L’Anglais resta immobile sans lui dire un mot. Guillaume, ému, se sentit cloué au plancher. Il eût mieux aimé en cet instant perdre l’amitié de sir Arthur que de le laisser seul avec Jeanne, et Dieu sait pourtant que sir Arthur eût été encore plus timide et plus réservé que Guillaume dans un tête-à-tête avec cette jeune fille. Cette dernière, impassible et la tête penchée, faisait tous ses nœuds en conscience. Il sembla à Guillaume qu’elle entrelaçait le nœud gordien, tant les secondes lui parurent longues. Enfin elle sortit, et l’Anglais amoureux, qui n’avait osé lui dire ni bonjour, ni bonsoir, se laissa tomber dans un fauteuil en poussant un gros soupir. « Demain, mon cher Guillaume, demain, dit-il en secouant la main du jeune baron pour prendre congé de lui, je vous dirai ce que tout cela sera devenu dans mon esprit.
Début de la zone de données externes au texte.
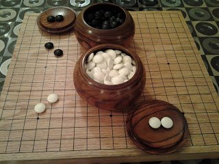 Black and white stones are used and they are usually placed in wooden or plastic Go bowls.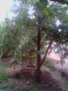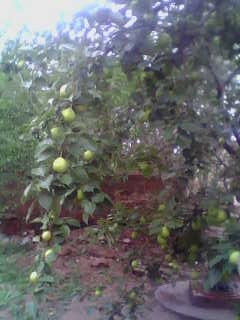 瞧,我家的果树上果子已经缀满了整棵树,果树枝也被压弯了腰,有些甚至被折断了。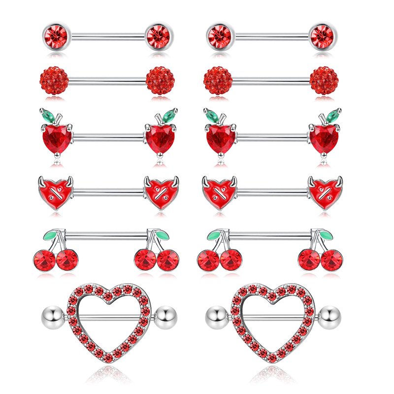 - Nipple Rings Set: You will get 6 pairs nipple rings in one order with different design. Including cherry nipple ring, apple nipple ring, devil nipple ring, ball nipple ring and heart nipple ring with shiny Cubic Zirconia. Multiple choices for you, satisfy your various needs, beautiful and exquisite, give you a different feeling.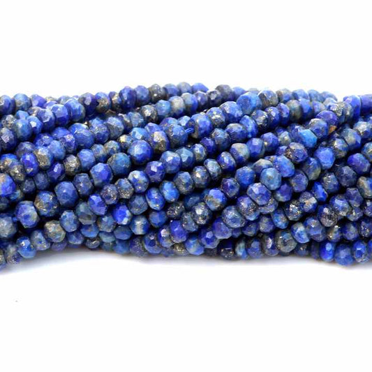 New Wholesaler Natural 3mm to 4mm Faceted Rondelle Shape Lapis Lazuli Gemstone Jewelry Making Handmade Gemstone Strand Beads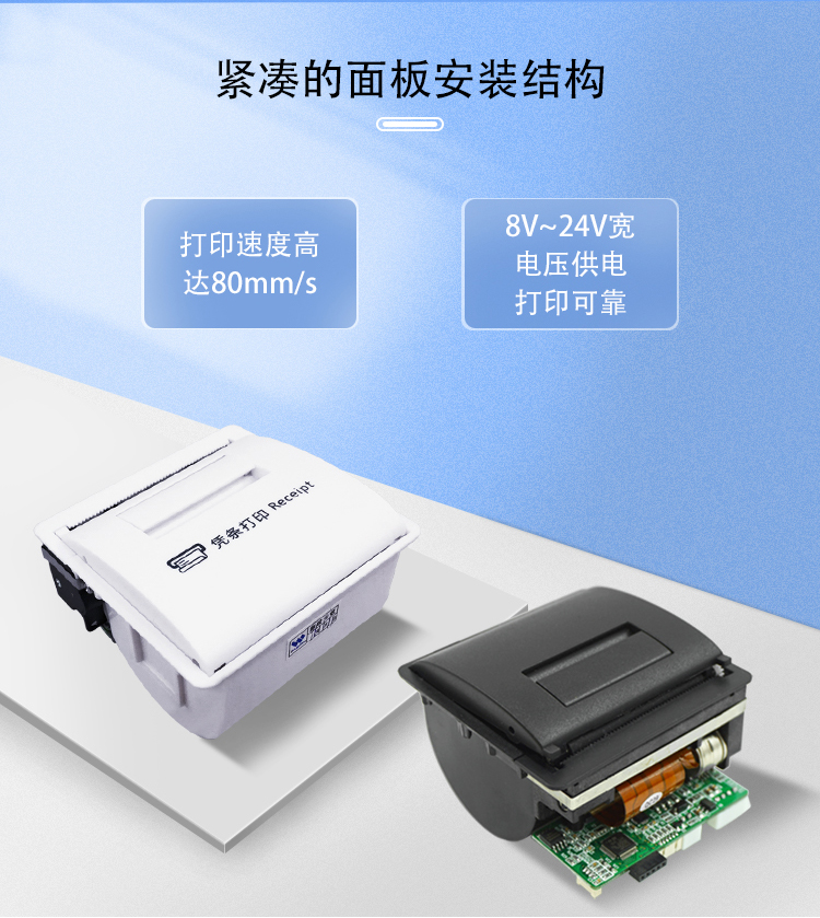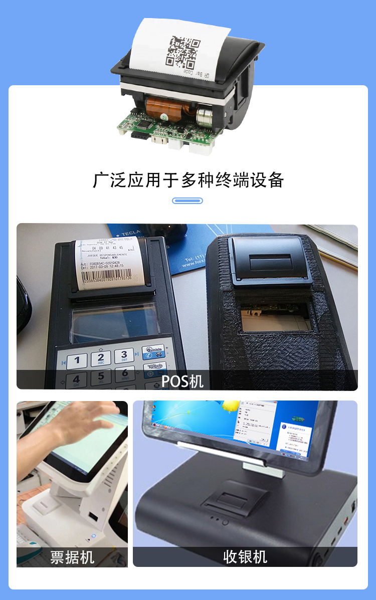 微型打印機(jī)特點(diǎn):前開(kāi)蓋維護(hù),無(wú)需拆開(kāi)終端設(shè)備就可實(shí)現(xiàn)換紙和維護(hù),8V~12V低電壓供電58mm打印機(jī),嵌入體積小巧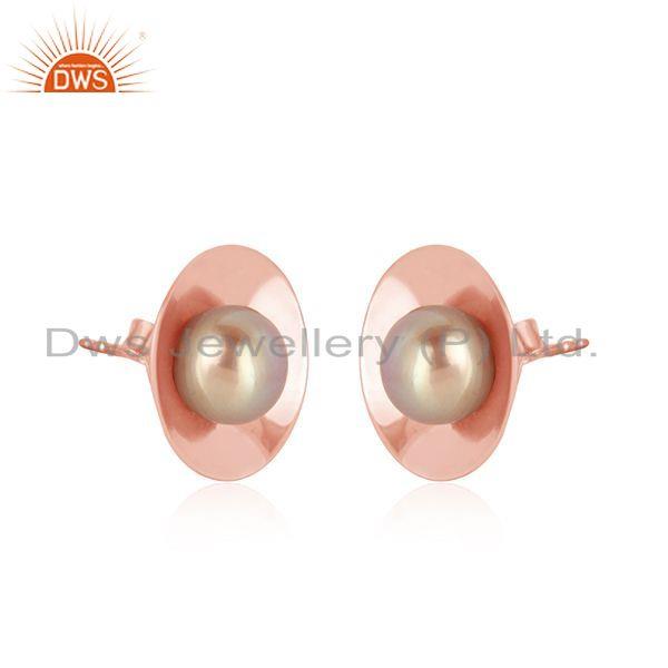 Round Shape Rose Gold Plated Gray Pearl Gemstone Stud Earrings Jewelry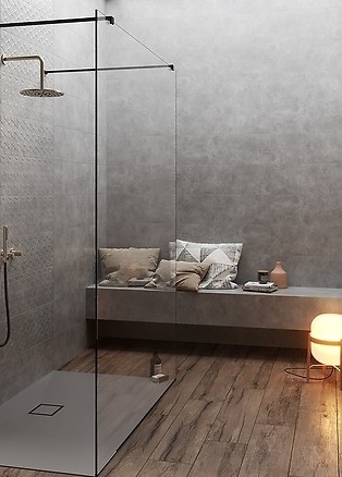 Kolekcja Noisy Grey pozwala z kolei sięgnąć po wątek kamienia – szarego z siatką cieniutkich, delikatnych białych żył. Do wyboru są tu płytki gładkie oraz drobno żłobione. Bardzo stylowo wyglądają zestawione z nierówną ścianą w odcieniu łososiowego różu. Jak poprzednio, tak i tu jest miejsce na meble w stylu vintage. Nie może też zabraknąć egzotycznej rośliny – im większej, tym lepszej.

La nuit porte conseil.

— Vous comptez donc veiller ? lui demanda Guillaume, qui, malgré son affection pour lui, ne pouvait se défendre d’un peu d’amertume ironique dans le fond de son âme. Je vous conseille, au contraire, de bien dormir, mon ami, car vous devez être brisé de fatigue. Le repos vous rendra l’esprit plus libre et plus sain pour réfléchir demain.
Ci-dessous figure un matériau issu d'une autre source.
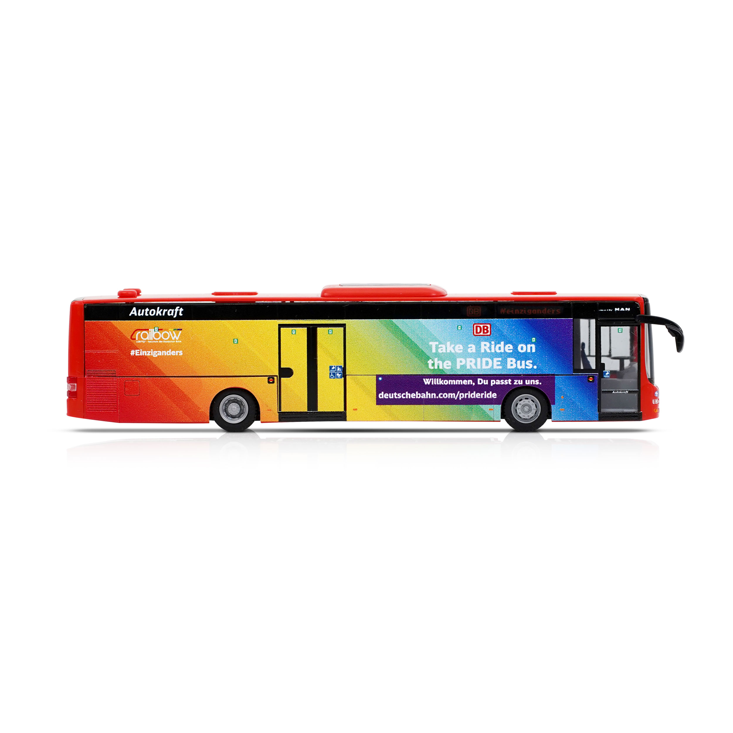 Umfangreich bedrucktes Bahnbus-Modell im PRIDE-Design.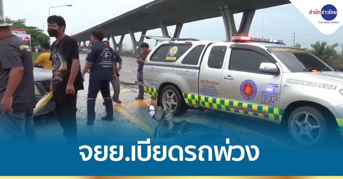 ฉะเชิงเทรา 9 ก.ย. – รถบรรทุกพ่วง 18 ล้อ เคลื่อนตัวรถออกจากสัญญาณไฟเขียวตามปกติ แต่รถจักรยานยนต์พยายามแทรกไปด้านหน้าระหว่างรถบรรทุกพ่วง 18 ล้อ และรถกระบะอีกคัน ส่งผลให้รถบรรทุกพ่วงเกี่ยวรถจักรยานยนต์ล้มคว่ำ ร่างลากทับศีรษะเสียชีวิตคาที่

M. Harley ne répondit pas, et Guillaume le quitta, douloureusement jaloux de sa liberté et de son courage.

Arthur ouvrit ses malles qui l’avaient devancé, et qu’on avait déposées dans cet appartement, endossa sa robe de chambre, chaussa ses pantoufles, alluma deux bougies sur la cheminée, et se plongea dans son fauteuil, pour se livrer plus à l’aise à ses méditations. Mais il n’y avait pas encore donné cinq minutes qu’on frappa légèrement à sa porte. Il alla ouvrir et vit paraître Jeanne qui lui apportait un plateau couvert d’un thé complet. « C’est mam’selle Marie qui vous envoie ça, Monsieur », dit Jeanne en posant le plateau sur la table ; et elle porta la bouilloire devant le feu. Pendant ce temps, M. Harley s’étant dit que cette apparition était fatale, et la regardant comme un coup du sort, alla résolument pousser la porte, et revenant s’asseoir dans son fauteuil d’un air pensif qui n’était pas fait pour effaroucher la pudeur, « Mademoiselle, dit-il pendant que Jeanne arrangeait les porcelaines sur la table, voulez-vous me permettre de vous adresser une question ? » Jeanne trouva l’Anglais excessivement poli, et lui répondit d’un air tranquille qu’elle attendait ses commandements.

  1. On sait pourtant que le druidisme comme le sivaïsme partait des augustes et impérissables croyances sur la trinité et l’immortalité de l’être, qui sont la base de toutes les grandes religions et dont le christianisme n’est qu’un développement.